The bulk of the descriptive meat is here:
“Continued large year-over-year increases in EI beneficiaries in large centres in the West
EI data by sub-provincial region, sex and age are not seasonally adjusted. Therefore, they are compared on a year-over-year basis.
In Ontario, the number of EI recipients more than doubled in 10 of its 41 large centres between September 2008 and September 2009. In the southern part of the province, Hamilton and Kitchener saw the fastest increases in the number of beneficiaries. In Hamilton, the number of EI recipients rose from 4,800 to 10,400, while in Kitchener, the number increased from 3,900 to 8,400. At the same time, the number of EI recipients in Toronto rose from 46,300 to 86,600.
In the northern part of Ontario, Greater Sudbury continued to experience a sharp year-over-year increase. The number of EI recipients rose from 1,500 in September 2008 to 3,900 in September 2009. At the same time, employment in Greater Sudbury declined, mostly in the natural resources sector.
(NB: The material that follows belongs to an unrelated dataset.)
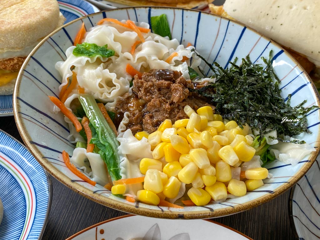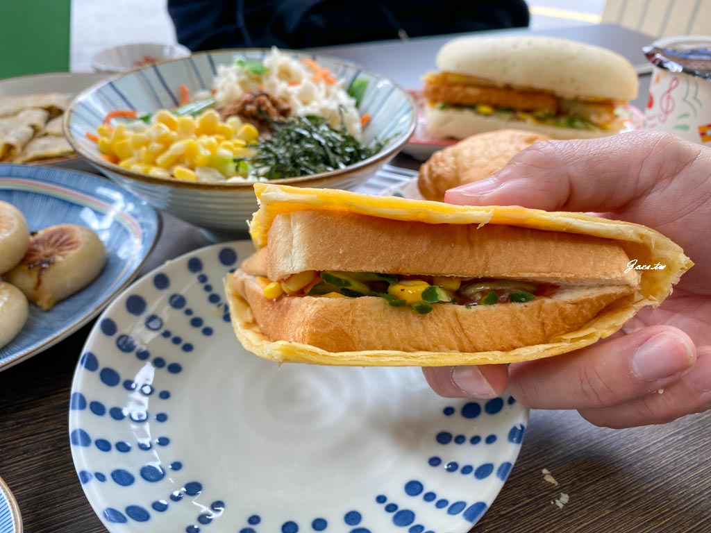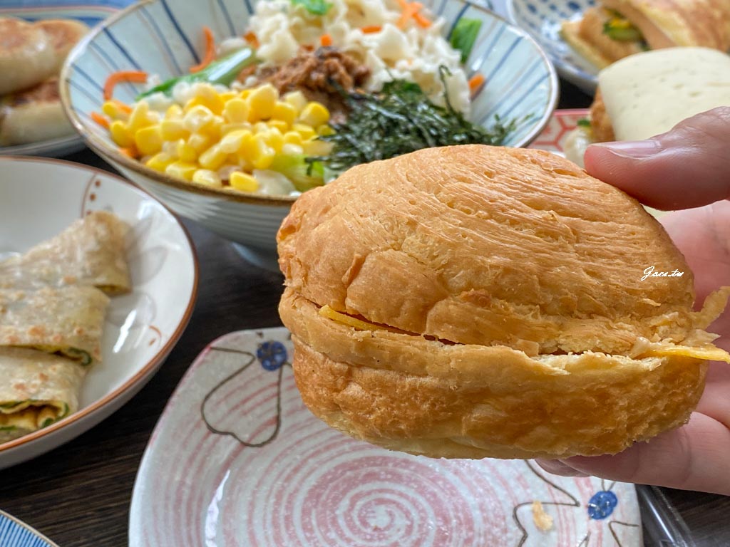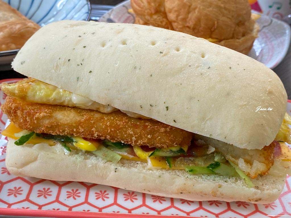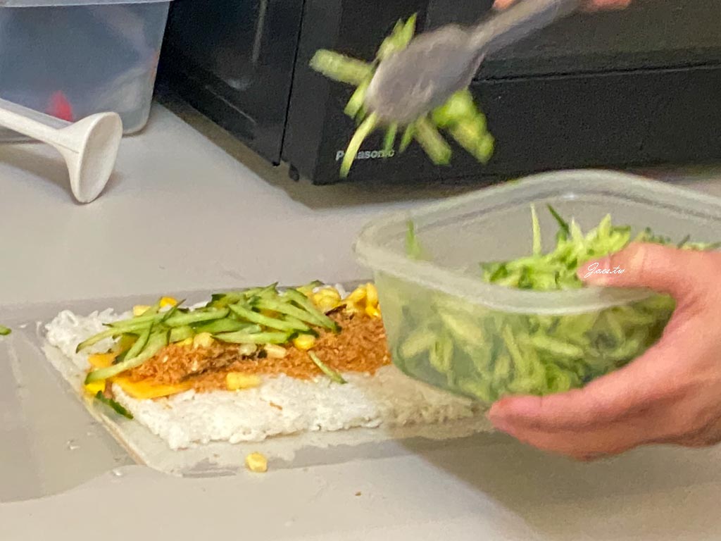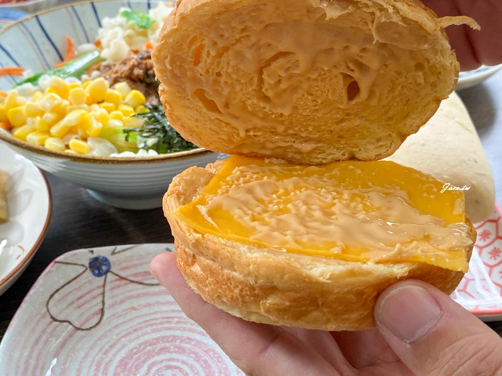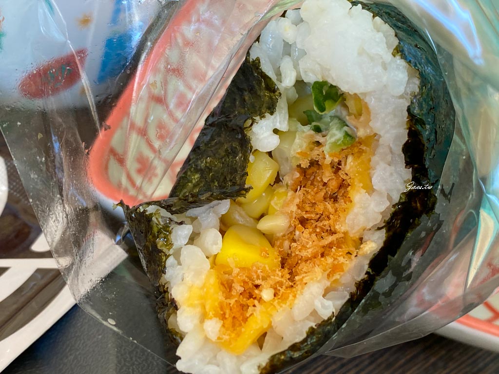 內餡有素鬆/小黃瓜/玉米/起司片,素鬆很酥香,一整個吃來鹹鹹甜甜又有口感。

The large centres of Alberta with the fastest year-over-year growth rates were Grande Prairie, Calgary, Medicine Hat, Red Deer and Edmonton. In Calgary, the number of people receiving regular benefits increased sharply from 4,000 to 18,800, while the number of beneficiaries in Edmonton rose from 3,800 to 14,900. These steep increases coincided with year-over-year employment losses for the province in manufacturing; natural resources; and retail and wholesale trade.
In British Columbia, 15 of its 25 large centres had twice as many beneficiaries in September 2009 compared with September 2008. In Vancouver, the number of beneficiaries increased from 12,600 to 31,300, while in Victoria, the number rose from 1,600 to 3,700. During this year-long period, employment losses in the province occurred in a number of industries, with the largest declines in construction; professional, scientific and technical services; manufacturing; and transportation and warehousing.”